The staff, while working as rescuers, were also survivors of the disaster. Their dual role thus exacerbated the development of psychological distress [3]. The reported prevalence of depression and anxiety among the local staff was 38.7% 1 year after the Wenchuan earthquake [4], and more than half of the staff in the extremely affected areas experienced mental disorders [5]. However, few studies have focused on the long-term psychological health of this special population [6] using a longitudinal design to investigate their mental health outcomes. As the psychological sequelae of a disaster can last for many years [7], the long-term psychological outcomes of the local government staff and the associated factors of their emotional distress are of particular interest [2].

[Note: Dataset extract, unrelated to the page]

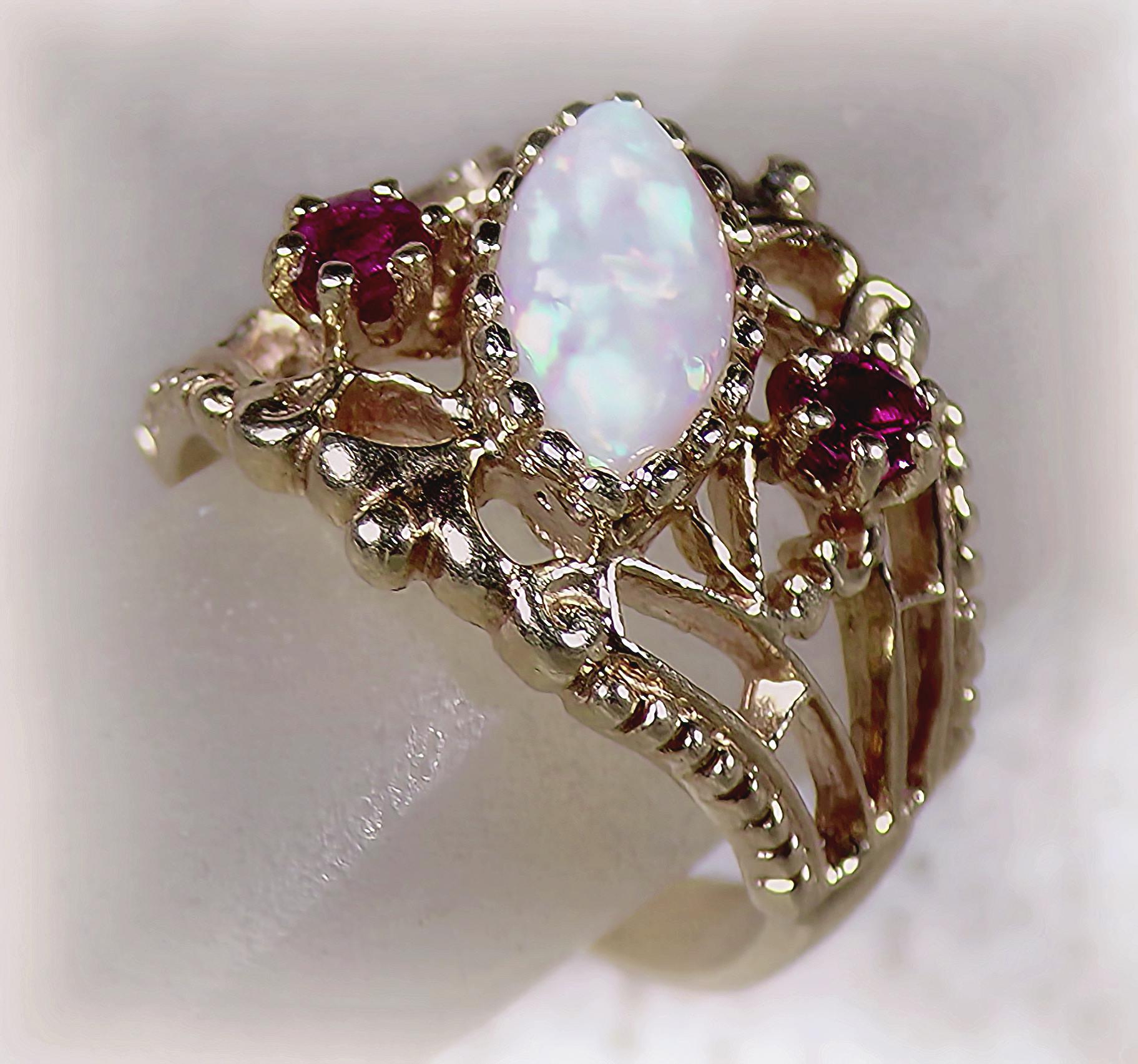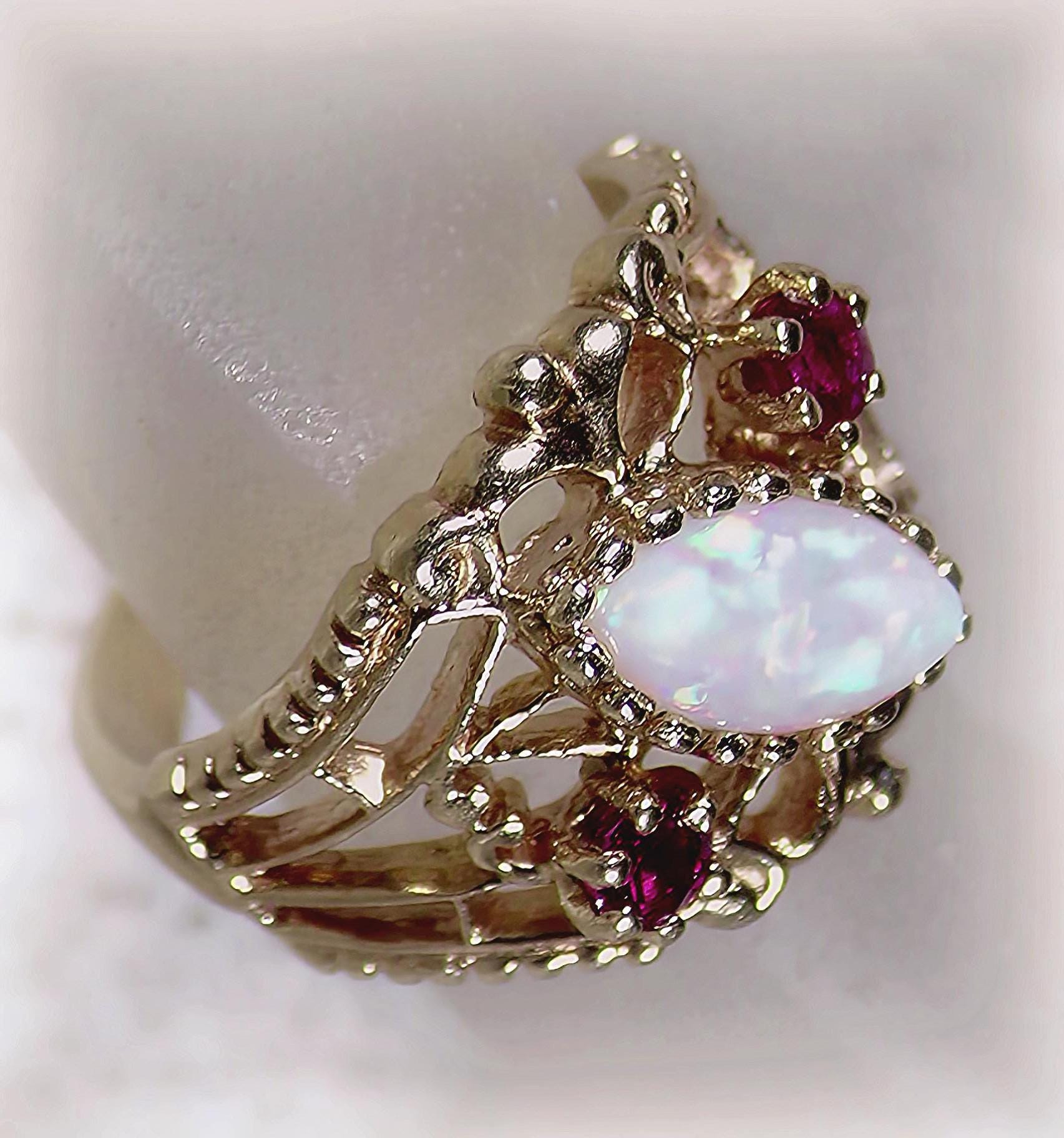 • Gemstones are: 1 Marquise Cabochon Australian Opal and 2 Round Cut Faceted Rubies

Disaster exposure, such as bereavement and property damage, is widely known to have adverse effects on survivors’ mental health conditions [6, 8]. Previous research has documented that 12.8% of the surviving government staff who engaged in disaster relief experienced bereavement, involving loss of children, spouses, and other relatives; and more than 90% of their houses had collapsed or suffered damage [2]. Moreover, two local government staff committed suicide 11 months after the earthquake, both having lost a son in the disaster [9]. Regarding the impact of disaster exposure on long-term psychological outcomes, the existing findings are inconclusive. Shang et al. [10] reported that earthquake exposure does not significantly predict emotional distress among general survivors 3 years after a disaster, whereas Guo et al. [11] claimed that exposure to an earthquake can contribute to psychological distress at 8 years.

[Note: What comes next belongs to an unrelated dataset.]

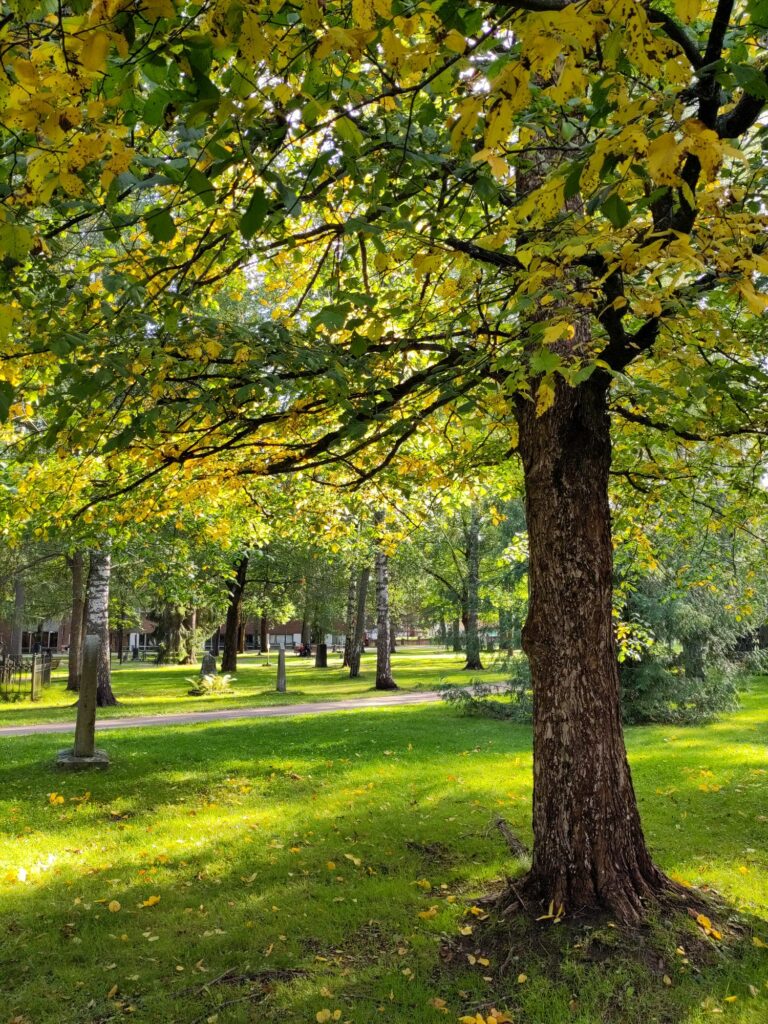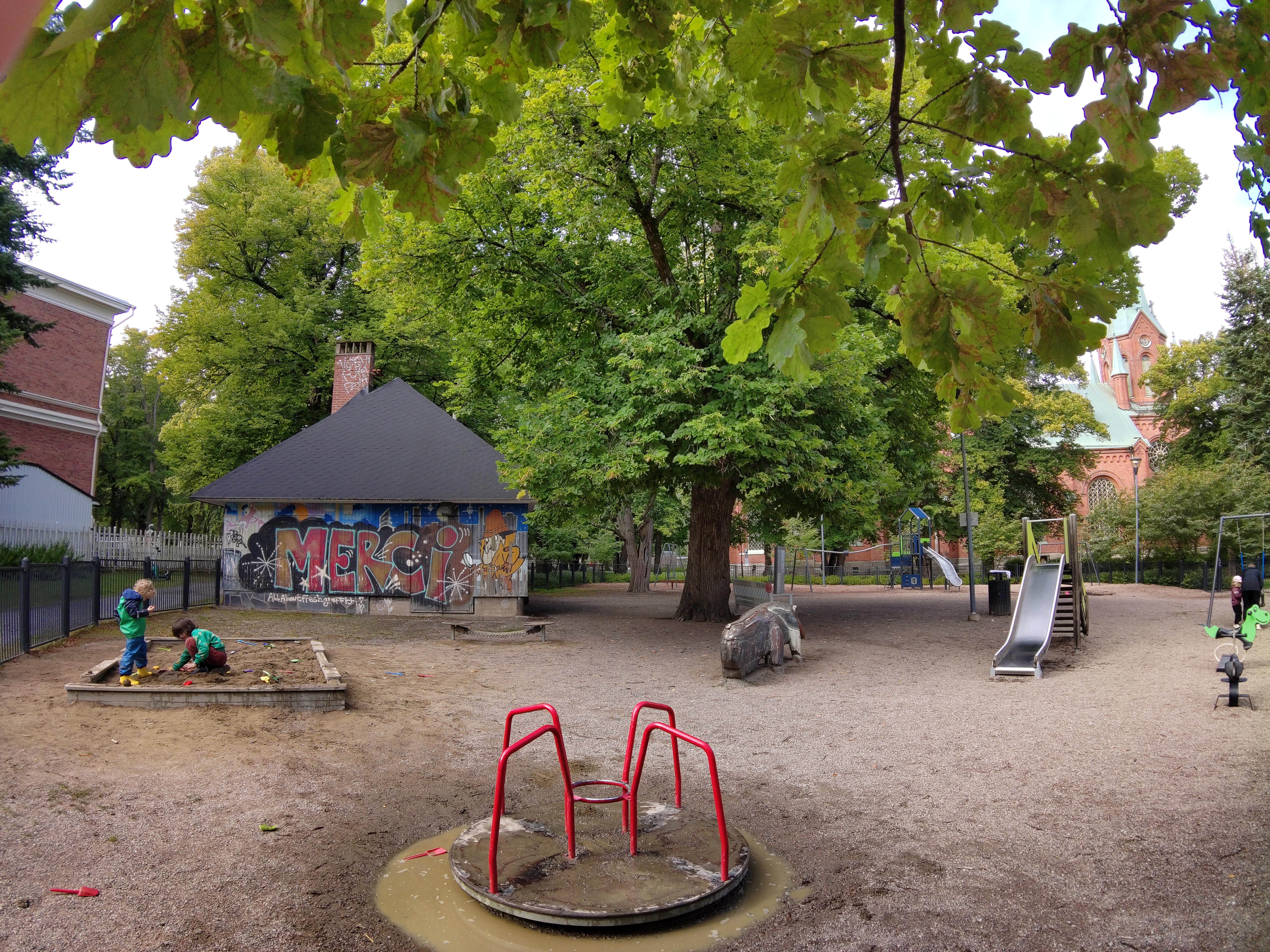 En rentrant de l’école de Solal, on traverse « Pyynikin kirkkopuisto », le parc de l’église Alexandre (je ne suis pas sûre de cette traduction hasardeuse), qui est parsemé de tombes très anciennes, pour la plupart datant du 18e ou 19e siècle. On adore voir le soleil à travers les feuilles et les nombreux écureuils qui grignotent des glands dans les chênes et font tomber leurs épluchures dans nos cheveux.

Engaging in the post-quake rescue and reconstruction work heavily influenced the psychological condition of local government staff [2, 3, 12]. Professional quality of life (ProQOL) is the quality of life one feels in their post-disaster rescue work. It encompasses two aspects: compassion satisfaction and compassion fatigue [13, 14]. Compassion satisfaction is the pleasure and fulfillment derived from being able to assist others and contribute to society. However, this positive aspect of being involved in post-quake rescue work remains unclear and commonly overlooked. In contrast, compassion fatigue is a common negative consequence when working with trauma as rescuers [14,15,16], and comprises of burnout and secondary traumatic stress [13]. It is generally found that compassion fatigue is associated with negative psychological outcomes [17,18,19,20,21,22,23,24,25]. Regarding the longitudinal influence of ProQOL on mental health, three studies conducted among relief workers after the Great East Japan Earthquake have revealed the effect of cumulative burnout on psychiatric distress at 2 to 4 years using a cross-sectional design [23,24,25]. Nevertheless, caution must be exercised when interpreting and generalizing the findings owing to the dearth of longitudinal studies [18, 26].

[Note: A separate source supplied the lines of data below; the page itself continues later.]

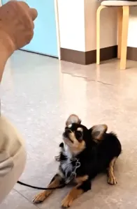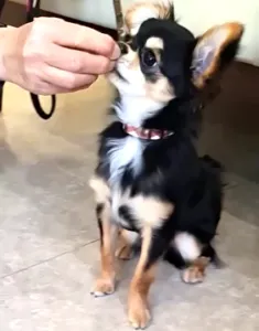 イゴくんは元気なチワワです。オスワリ練習の成果を見せていただくと、座るのは一瞬で、お尻が浮き上がることが多いようです。座った後にゴホウビをあげる角度に注意すると、きれいなオスワリを保つことが出来ました。初めに正確に教えておくと、今後スムーズに応用できます。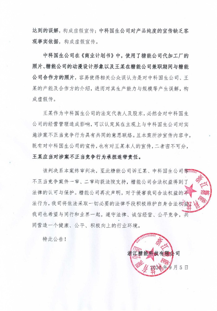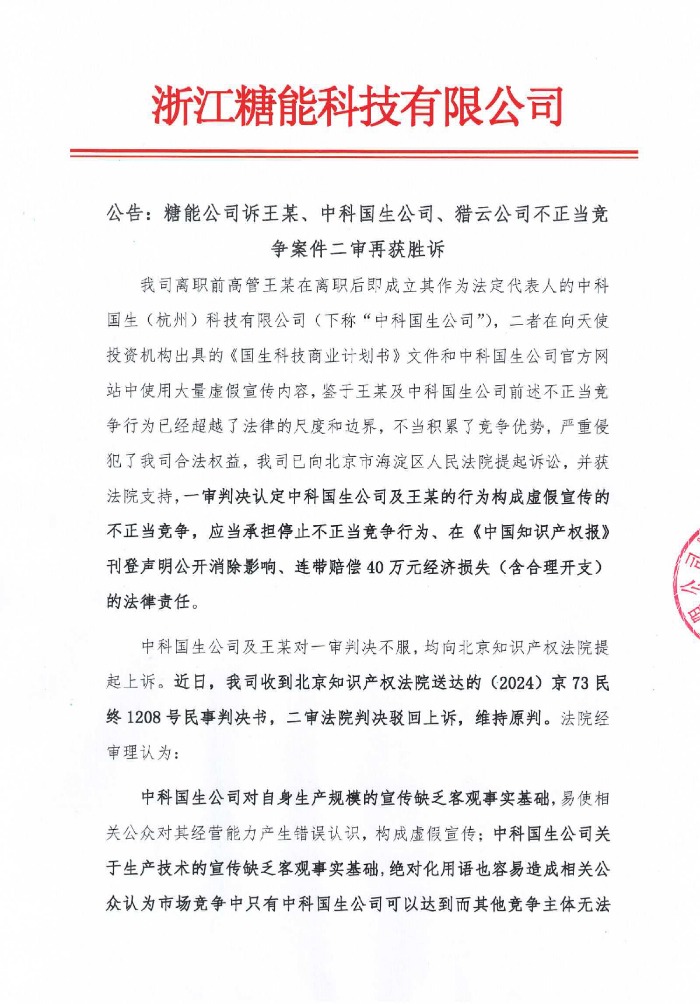 Annoncering: Sugar Energy vandt den anden retssag i sagen om unfair konkurrence mod Wang, Zhongke Guosheng Company og Lieyun Company
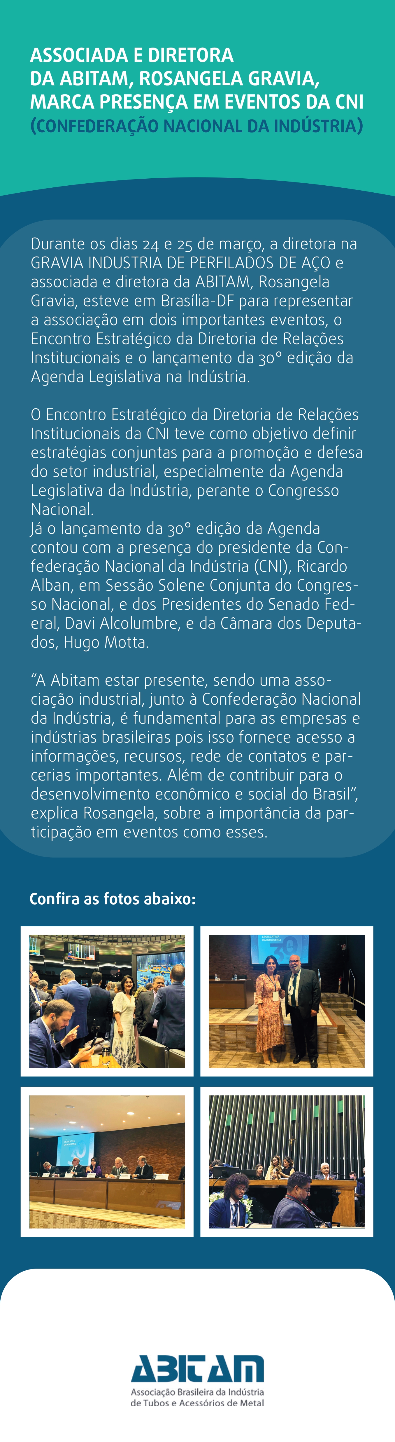 Associada e diretora da Abitam, Rosangela Gravia, marca presença em eventos da CNI
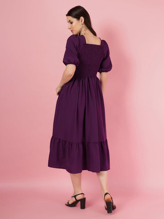 Elevate your look effortlessly with this must-have midi dress. Its premium fabric exudes softness and lightweight elegance, while the smocked design ensures a comfortable and flexible fit. Perfect for the warm seasons, this dress is the epitome of comfort and style.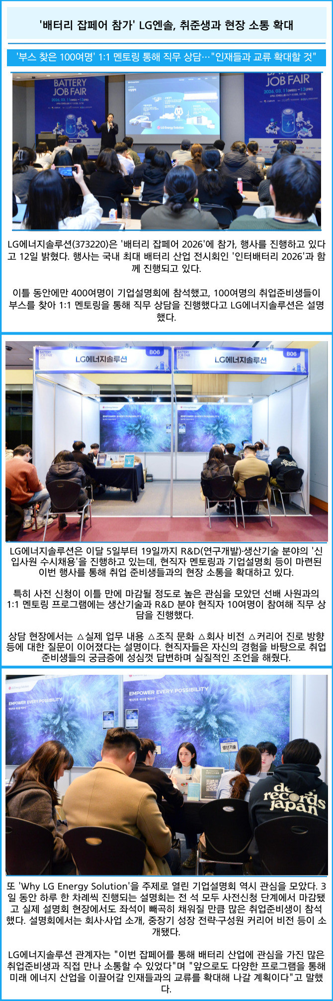 [프라임경제] LG에너지솔루션(373220)은 '배터리 잡페어 2026'에 참가, 행사를 진행하고 있다고 12일 밝혔다. 행사는 국내 최대 배터리 산업 전시회인 '인터배터리 2026'과 함께 진행되고 있다.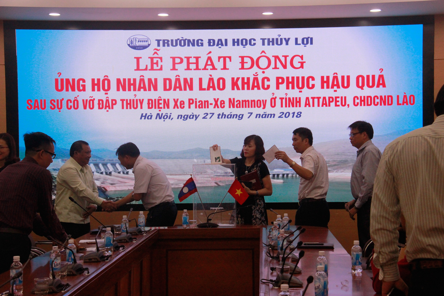 Để chia sẻ những tổn thất mà sự cố vỡ đập thủy điện vừa gây ra đối với dân tộc Lào và cùng chia sẻ những kiến thức bổ trợ cho các bạn khi đang học tại ngôi trường chuyên đào tạo cán bộ trực tiếp thiết kế, thi công, vận hành những công trình tương tự, ngày 27/7/2018 Trường Đại học Thủy lợi tổ chức buổi gặp mặt lưu học sinh Lào và trao ủng hộ nhân dân Lào anh em vượt qua giai đoạn khó khăn.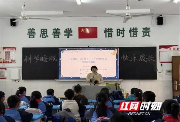 在蘋洲小学,该院专家以“科学睡眠,快乐成长——关爱睡眠健康,共建阳光校园”为题,用“熬夜的小怪兽”“大脑充电”等生动比喻,向小学生们讲解了睡眠对身体发育、记忆力提升和情绪调节的重要作用。现场互动热烈,孩子们在轻松愉快的氛围中学习了“478呼吸法”等实用助眠技巧。

Indeed, the existing literature has several limitations. Firstly, although the local government staff are crucial manpower during post-quake relief and reconstruction, the psychological consequences to this special population tend to receive minimal research attention [6]. Secondly, previous studies on mental health of local government staff have been conducted within the first year after the earthquake [2, 4, 5, 9, 12], and were cross-sectional in design [6, 18, 26]. As the reconstruction following natural disasters, such as earthquakes, typically lasts for 10 years [27, 28], the long-term psychological consequence among the staff needs to be examined. There is a general lack of longitudinal research on the effects of emotional distress after a disaster. Thirdly, earthquake exposure and ProQOL were recognized as important factors contributing to the psychological status among general survivors and rescuers, respectively. However, their impact on the long-term emotional conditions among the local government staff, who were also rescuers after the disaster, remains unclear.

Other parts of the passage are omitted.